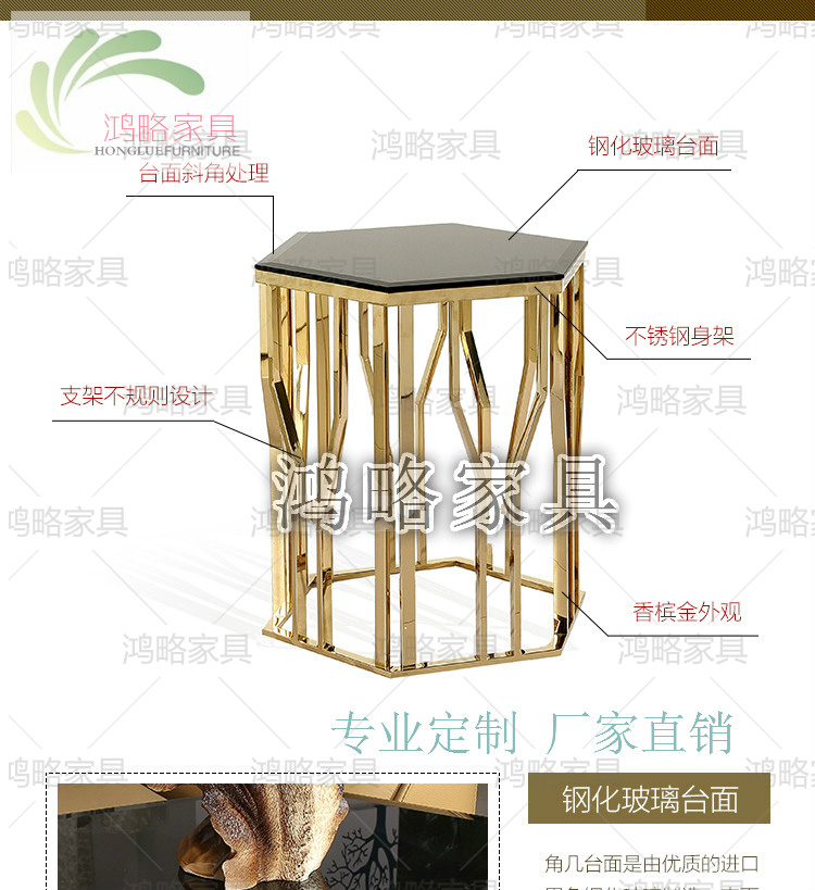 现代不锈钢六边形茶几销售
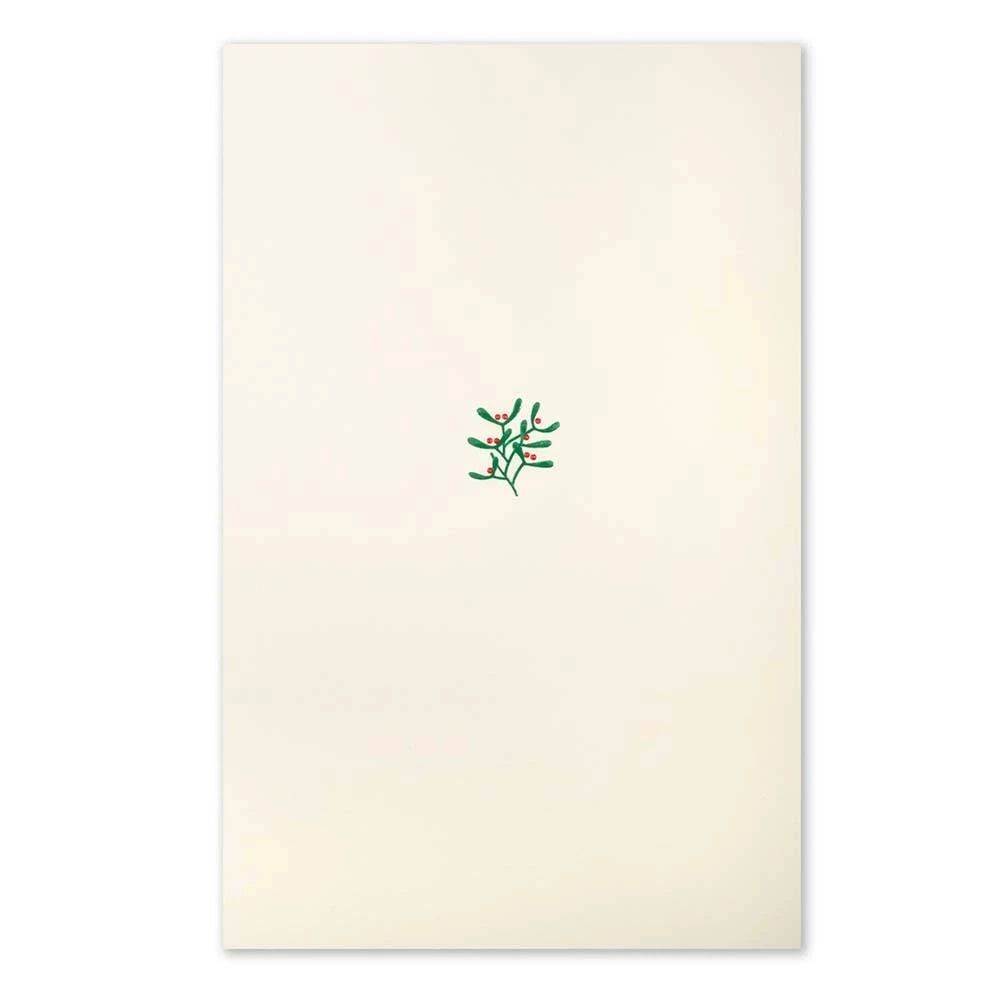 Kussbereit? Mistelzweig in grün mit roten Beerchen auf cremefarbener Klappkarte. Im zweifarbigen Stahlstichverfahren hergestellt, mit passendem Umschlag in Creme mit weißem Seidenfutter.
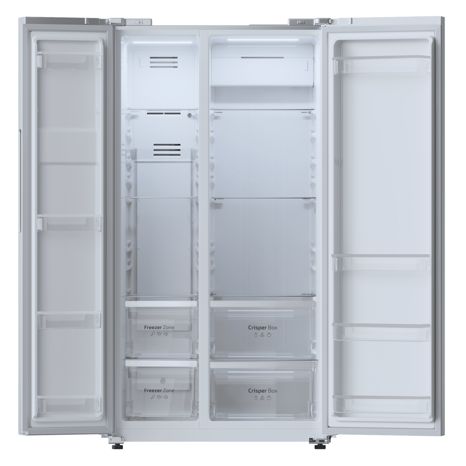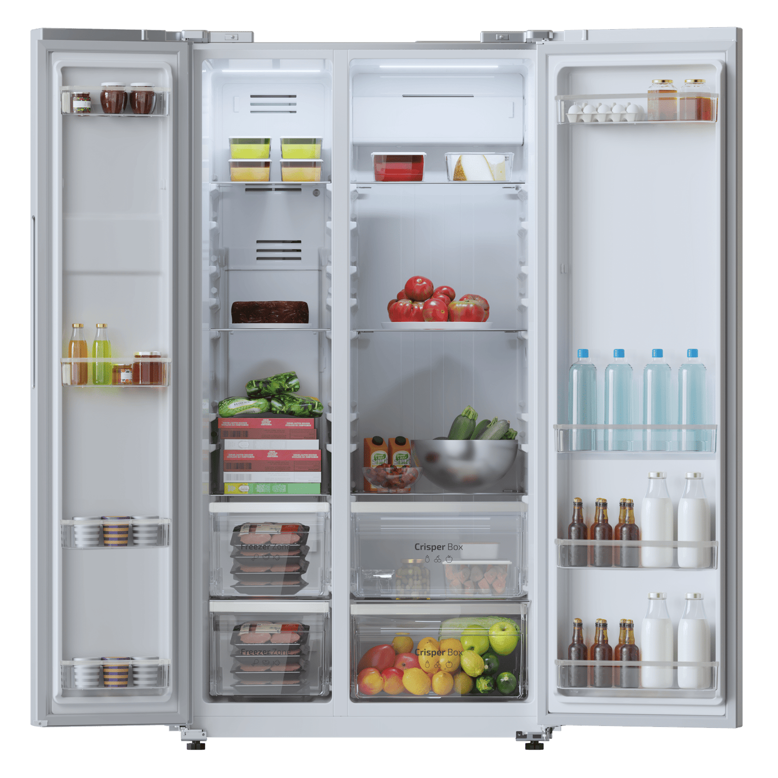 Bolero CoolMarket SBS 562 Inox D viene a cambiar la forma de conservar tus alimentos y bebidas. Cuenta con dos puertas verticales (una para el frigorífico y otra para el congelador) que se abren completamente, maximizando sus 562 L de espacio y facilitándote el almacenamiento y la organización.
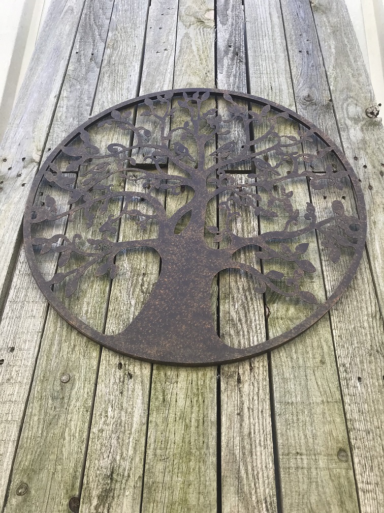 Schönes schweres Schmiedeeisen in der Farbe schwarz-braun mit 6 Armen und 6 Kerzenhaltern, und in der Mitte ein Glas für z.B. ein Wachslicht.
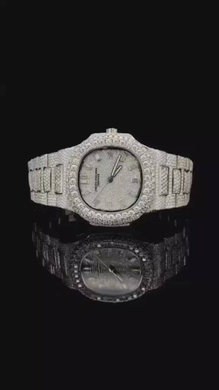 Silver Tone PP Nautilus Watch Studded | VVS Moissanite Diamond
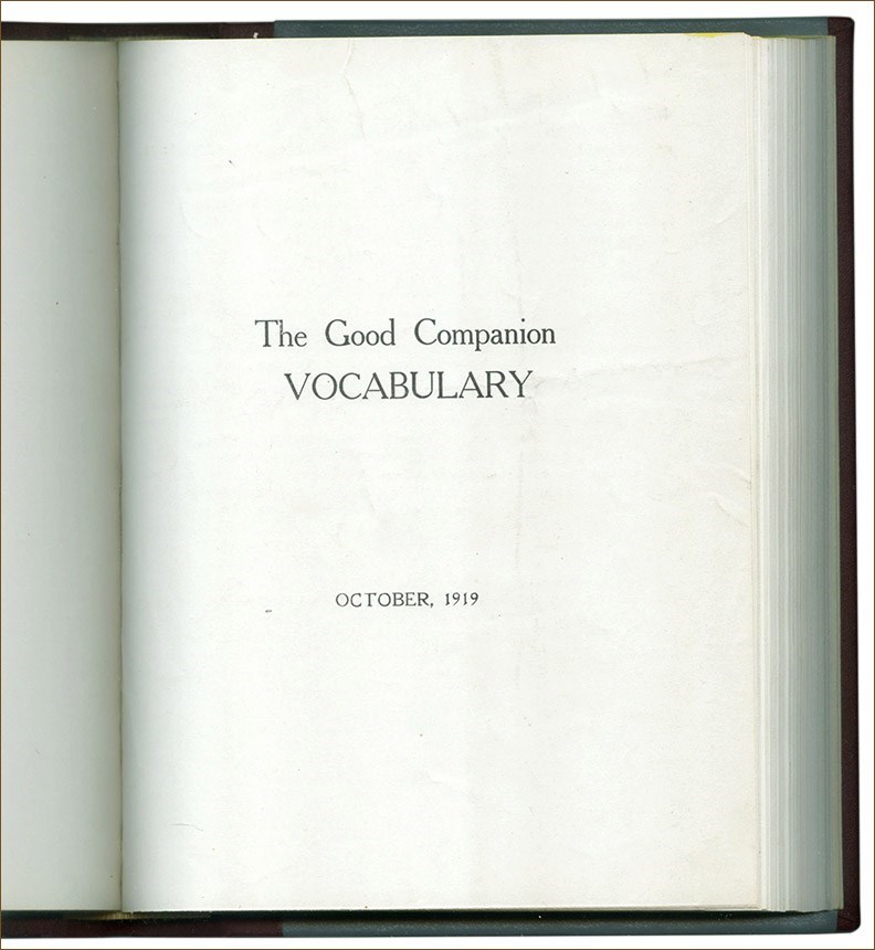 b) „The Good Companion Vocabulary,“ 12 pages: bound in volume VI, after no.9.
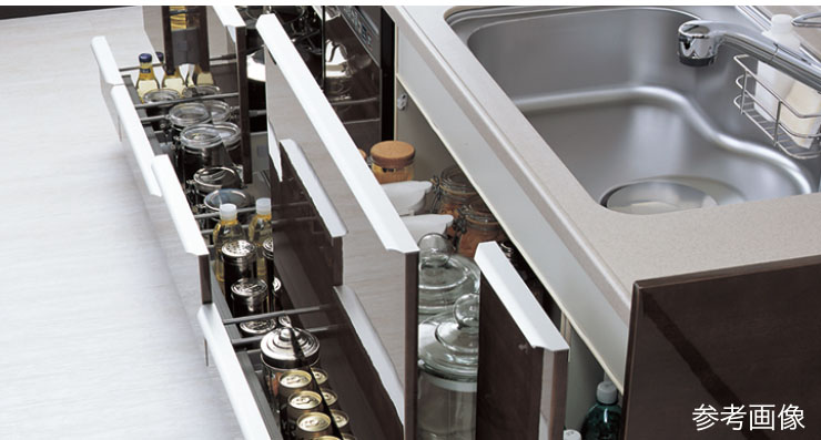 大きな鍋も収納できるスライド収納、小物類も快適に収納できる3段スライドキャビネットと合わせて大容量の収納スペースを確保しています。
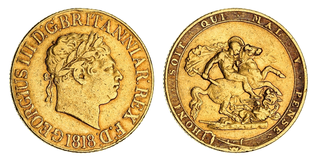 (g) George III (1760-1820), 'New Coinage', Sovereign, 1818, laureate head right, with ascending colon, rev. St George and Dragon within Garter, edge milled, 7.90g, 6h (Marsh 2A; MCE 465; EGC 900; S.3785A), bruise at 12 o'clock, cleaned and lightly bagmarked, near very fine

Your instructions:
Pictures aside, set down the lines from the one containing "Silver Tone PP" through the end of the records above, exactly and only those.

The answer:
 Silver Tone PP Nautilus Watch Studded | VVS Moissanite Diamond
 b) „The Good Companion Vocabulary,“ 12 pages: bound in volume VI, after no.9.
 大きな鍋も収納できるスライド収納、小物類も快適に収納できる3段スライドキャビネットと合わせて大容量の収納スペースを確保しています。
 (g) George III (1760-1820), 'New Coinage', Sovereign, 1818, laureate head right, with ascending colon, rev. St George and Dragon within Garter, edge milled, 7.90g, 6h (Marsh 2A; MCE 465; EGC 900; S.3785A), bruise at 12 o'clock, cleaned and lightly bagmarked, near very fine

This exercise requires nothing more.